Most project initiatives presented to management for approval reflect a positive anticipated return. However, the inherent risk associated with competing projects is harder to assess. Naturally, the preferred choice between two projects is that which offers a similar return with less risk. But how much risk is acceptable to achieve a higher return?

Organizations cannot, and should not, seek to eliminate all risk. They should, however, ensure that they get commensurate returns for the level of risk taken on. A key challenge of the capital budgeting process is evaluating the riskiness of any initiative, and of the capital project portfolio as a whole.

Net Present Value or Internal Rate of Return

Both the absolute amount and timing of expected investment returns are key considerations in the capital budgeting process. While, from an economic perspective, higher net present value (NPV) initiatives are preferred, from a management perspective, faster returns may be prioritized due to capital efficiency and perceptions of risk. Providing management with performance incentives that prioritize short-term outcomes ahead of long-term strategic goals can also lead to an undue focus on payback period rather than NPV.

Non-Financial Objectives and Metrics

Not so long ago, the sole purpose of most corporations was to make money. Accordingly, potential investments could be evaluated simply on the basis of financial return. Corporations are now also expected to meet Environment, Social and Governance (ESG) targets.

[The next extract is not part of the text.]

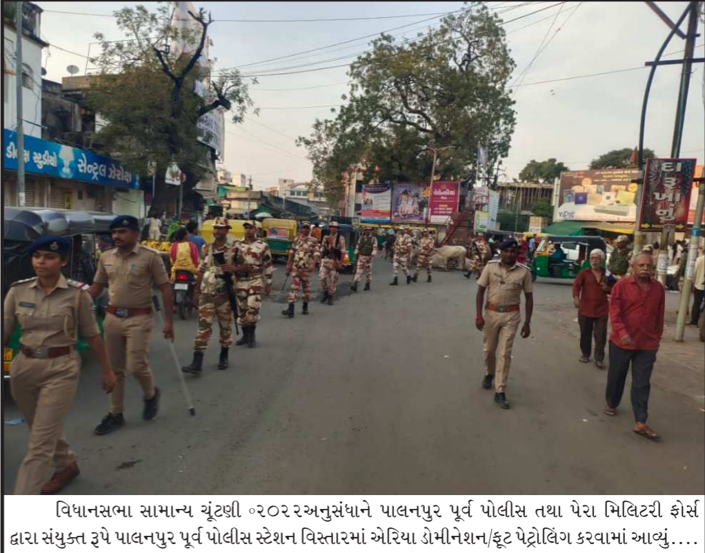
વિધાનસભા સામાન્ય ચૂંટણી ૨૦૨૨ અનુસંધાને પાલનપુર પૂર્વ પોલીસ તથા પેરા મિલિટરી ફોર્સ દ્વારા સંયુક્ત રૂપે પાલનપુર પૂર્વ પોલીસ સ્ટેશન વિસ્તારમાં એરિયા ડોમીનેશન/ફૂટ પેટ્રોલિંગ કરવામાં આવ્યું....

છોડી ઘો આ બધું ટેન્શન. ખાઓ પીઓ જલસા કરો, મોજથી ઉડાઓ પેન્શન. હુકમ ચાલે છે ત્યાં સુધી કરી લ્યો હકુમત, ભાઈ !! પછી, બૈરા છોડકરાઓ પણ નહિ માને કોઈ સજેશન!! ગુસ્સે થવાની, ગુસ્સો કરવાની ઉમર તો ગઈ હવે... કોઈ સોરી કહે તો પણ, શાંતિથી કહેજો નો મેન્શન.....!!! હાથમાં છે વહેવાર ત્યાં સુધી રાખો બધુય હસ્તગત, પછી પાણી માટેય પુછવું પડશે, એવી થશે પોજીશન...!!! શરતોમાં જીવ્યો છું ને, શરતોમાં ઘણું હાર્યો છું... હવે કહો જિંદગી ને, ડોન્ટ એપવાય એની કંડીશન.....!!! ગુમાવ્યું એનો ગમ ના કરો, મળ્યું છે એમાં મોજ કરો, કેમ કે, ક્યારે હાટે બેસી જશે, વિધાઉટ એની ઈન્ફોર્મેશન...!! ક્યારેક પાપ કર્યા હોય તો એનું કરી લેજો પ્રાયશ્ચિત...!!! ઈશ્વર ગુન્ધા માફ કરી દેશે, વિધાઉટ એની ઓબજેક્શન...!!! દોડ ધામ ચિંતા ઉતાવળ, મેલો અભરાઈ એ આ ભૂતાવળ, બીપી, સુગર ને કહો રુક જાઓ, આગળ નથી કોઈ પરમિશન...!!! મૃત્યુ આવે તો મરવાનું મજાથી, ડરવાનું નહિ પુદા/ભગવાન ની સજાથી, અને હસ્તે મોઢે હાલતા થવાનું, આપ્યા વગર કોઈ ઓપ્શન....!!!! આભાર સહ મનોજકુમાર આર.સરૈયા ના જય શ્રી કૃષ્ણ:

For example, if your organization has a declared ambition to be net-zero by 2030, how does that impact your evaluation process and metrics? An improved capital budgeting process needs to support the inclusion of qualitative and other non-financial metrics for effective project comparison and ranking.

Collaboration, Endorsement and Approval

While the capital budgeting process utilizes data and metrics, it’s ultimately about people: Project managers want to deliver successful projects. Area managers want to meet their growth and productivity targets through effective investment of time and money. Executives want to meet their fiduciary responsibilities to the organization and its stakeholders.

Whilst technical decisions may rely on the data presented, at more senior organizational levels, it’s the opinions of trusted lieutenants that carry most weight. Therefore, an effective capital budgeting solution enables the seamless collaboration of people and their comments, endorsements and approvals to get the best, and confident capital investment decisions by executives.

Individual vs Capital Committee Approvals

Some lower-value capital budgeting decisions are routine and can be made directly by responsible managers within their delegation of authority; higher-value or broad-impact decisions will require the support of a multi-disciplinary committee.

For example, a major reallocation of budget from strategic initiative to another in response to geo-political change should be evaluated and confirmed by all impacted area managers. The capital budgeting process and workflows should enable a quick, easy and informed decision by individual managers and more thorough committee-based approvals where appropriate — while not being constrained to one mechanism or the other.

The Costs and Risks Inherent in Manual Capital Budgeting Processes

Many organizations allocate senior finance specialists to administer the capital budgeting process. These individuals have a deep understanding of financial planning and capital budgeting analysis, and are experts in data management and presentation.

For many, their tool of trade is the spreadsheet, and they employ spreadsheets extensively to gather budget wish-list requests, evaluate business cases, prioritize and distribute funding, forecast and monitor project performance. There are, however, important costs and risks associated with this approach as outlined below.

Inefficient Manual Administration

Distribution of templates, emailing of documents, collation, rekeying, data extraction and report preparation all consume significant non-value effort. Some of this effort is dispersed across multiple responsibility areas, while others are centralized within a central Capital Expenditure (CapEx) control function. All of it is a waste of effort.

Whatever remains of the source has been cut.